The bread looks great. The title made me smile. My Norwegian grandmother made wonderful white bread, and only white bread. But then she married into an English-American family. I'll try to find out what kind of bread her mother made. I don't know if 100 years ago, Norwegians in Wisconsin were total white flour converts.

And the slicer - I'm so glad to see that. I imagine it gets nice even slices, at least on heavy breads. Have you ever tried it with a very light textured loaf?
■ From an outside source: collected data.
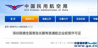 深圳获颁全国首张长期有效通航企业经营许可证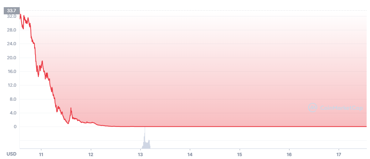 然而,LUNA 的下跌开始得更早——2022年5 月 6 日。3 天内,山寨币的价格从 87.15 美元跌至 60.14 美元。从 5 月 10 日到 11 日的短短 24 小时内,价格从 4 月的高点(119 美元)急剧下跌 98%。到第二天晚上,该**几乎跌至零,交易价格为 0.01 美元。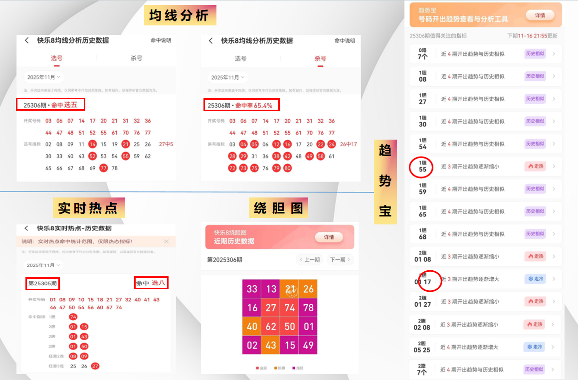 上期会员工具均线分析杀号正确率65.4%,选号命中选五,利用SVIP会员工具中的均线分析杀号和选号与实时热点、绕胆图配合,可增加每期的中奖概率,如有需要请点击#3号链接办理SVIP会员,当日办理会员可免费查看当期小黄车文章及选号方案。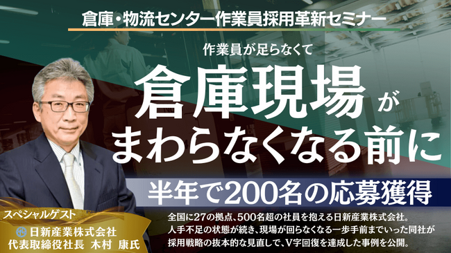 最新の倉庫・物流センター作業員の採用動向について、定量的なデータと船井総研独自のデータをもとに解説しました。また特別ゲスト講師として、日新産業株式会社 代表取締役社長 木村 康 様をお招きし、半年間で200名応募を達成した日新産業株式会社の取り組みを解説いただきました。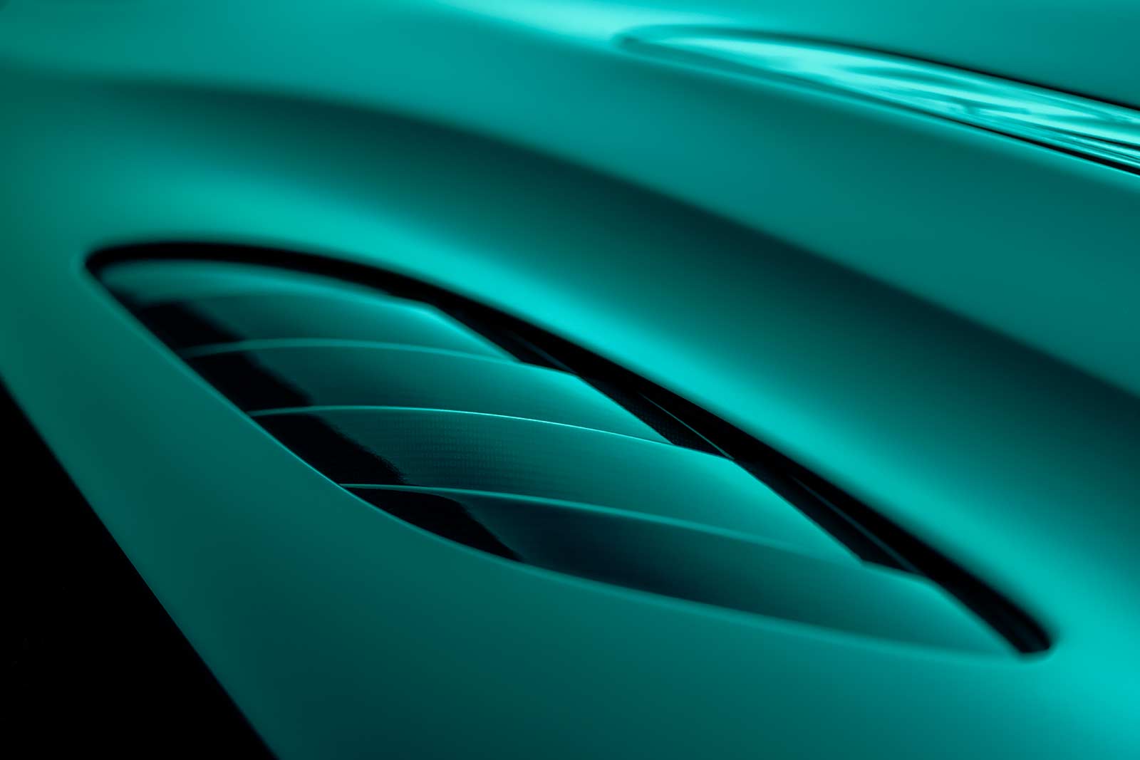 Being an Aston Martin, this enhanced form also had to possess an authentic level of function. Both to provide increased air flow to the radiators, enhancing thermal management and give greater visual road presence. Drawing increased air flow through the engine radiators, the clamshell bonnet features a dramatic ‘horse-shoe’ engine vent and a new front splitter integrates two new outboard vents. Together these serve to enhance cooling and echo the design signatures of previous DBS and V12 engine models.

We normally only get ours out to slice big roasts into sandwich meat for the freezer.  I  need to try it for bread sometime.

Bart's picture
Bart

Quote:
And the slicer - I'm so glad to see that. I imagine it gets nice even slices, at least on heavy breads. Have you ever tried it with a very light textured loaf? We normally only get ours out to slice big roasts into sandwich meat for the freezer.  I  need to try it for bread sometime.

 

KipperCat, Thanks for the feedback.  Great to hear that story about your grandmother.

About the slicer, yes it gets nice even slices, but I found out that if I cut the loaf the next day it is much easier than slicing it after a few hours.  I guess that is normal, because if it is too fresh it is hard to get a good slice.  Yes, I have tried it  with a very light textured loaf but it sometimes is hard to get a decent slice because the last piece of the crust won't have a clean cut. 

KipperCat's picture
KipperCat

If I sliced an entire loaf by hand, and only had one funny slice I think I'd be happy!